На протяжении всех Пунических войн, хотя пунийцы и во время мира, и во время перемирия не переставали совершать нечестивые и враждебные поступки, предки наши никогда не делали того же, несмотря на постоянно представлявшиеся случаи: они думали больше о том, что достойно их, нежели о том, как следует по справедливости покарать карфагенян. Также и ныне, отцы-сенаторы, следует вам иметь в виду одно: преступление Публия Лентула и других не должно в ваших глазах значить больше, чем забота о вашем высоком авторитете, вы не должны руководствоваться чувством гнева больше, чем заботой о своем добром имени. Вместе с тем я не осуждаю и суровых мер в отношении заговорщиков. Но какое наказание достойно вменяемой им вины? Если можно найти кару, соответствующую их преступлениям, то я готов одобрить ее. Большинство сенаторов, вносивших предложения до меня, перечисляли ужасы войны: как похищают девушек и мальчиков, как вырывают детей из объятий родителей, как женщины страдают от произвола победителей, как грабят храмы и дома граждан, устраивают резню и поджоги. Но — во имя бессмертных богов! — к чему клонятся их речи? К тому ли, чтобы настроить вас против заговора? Разумеется, кого не взволновало бы тяжкое и жестокое преступление, того должна воспламенить живая речь! Но то, что у простых людей называется вспыльчивостью, то у облеченных властью именуют высокомерием и жестокостью. Сам же я, отцы-сенаторы, считаю так: никакая казнь не искупит преступления, но большинство людей помнит только развязку и по отношению к нечестивцам, забыв об их злодеяниях, подробно и с немалым сочувствием рассуждает только о постигшей их каре, если она была суровей обычной.

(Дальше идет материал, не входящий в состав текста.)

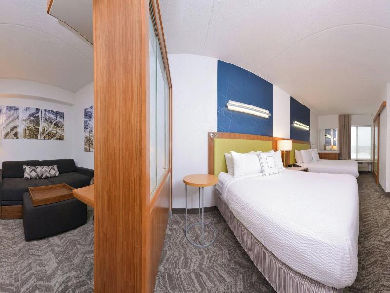 Ubicado en el distrito financiero de Durham, el SpringHill Suites by Marriott Durham Chapel Hill es un punto de partida ideal para explorar la zona. Un corto trayecto en coche te lleva a Duke University, University of North Carolina o a la animada Franklin Street. Este hotel ofrece una variedad de servicios tanto para viajeros de negocios como de placer, incluyendo una piscina cubierta, jacuzzi y gimnasio abierto las 24 horas. Manténte conectado con el wifi gratuito o busca recuerdos en la tienda de regalos. Las 130 habitaciones con aire acondicionado disponen de cocina americana, cómodas camas con colchones con pillow-top y ropa de cama de primera calidad, además de sofás cama dobles. Disfruta de acceso a internet por cable e inalámbrico gratuito, un televisor LCD de 36 pulgadas con canales por cable y un periódico gratuito cada mañana. Empieza el día con el desayuno bufé gratuito y, más tarde, cena en el restaurante del hotel o toma un aperitivo en la tienda de delicatessen. Relájate con una copa en el bar/salón. Para tus necesidades de negocios, el hotel ofrece un centro de negocios abierto las 24 horas, check-in exprés y más de 90 metros cuadrados de espacio para reuniones y conferencias.

Со своей стороны я уверен: то, что сказал Децим Силан[3], муж храбрый и решительный, он сказал, руководствуясь своей необыкновенной преданностью государству, и все же предложения его мне кажутся не столько жестокими, сколько чуждыми самому духу нашего государственного строя. Это, конечно, либо страх, либо гнев на противозаконные действия заговорщиков вынудили тебя подать голос за неслыханную кару. Но о страхе говорить излишне — всем известна твоя испытанная отвага. Значит, остается справедливое негодование, которое ты, как человек выдержанный и волевой, всегда способен унять. О сути же наказания я скажу следующее: смерть — последнее прибежище страдальца, отдохновение от всех трудов и бед жизни, а вовсе не мука, она избавляет человека от всяческих зол: по ту сторону жизни ни для радости, ни для печали нет места…

Мне скажут, что никто не станет порицать решения относительно жестокой казни подлинных убийц государства. Но обстоятельства и фортуна по своему произволу правят народами. И вы, судьи, должны подумать о последствиях своего решения. Все дурные дела порождались благими намерениями. Но когда власть оказывается в руках у людей неискушенных или не особенно честных, то исключительная мера переносится с людей, ее заслуживающих, на вовсе не заслуживающих ее и ей ни в какой мере не подлежащих.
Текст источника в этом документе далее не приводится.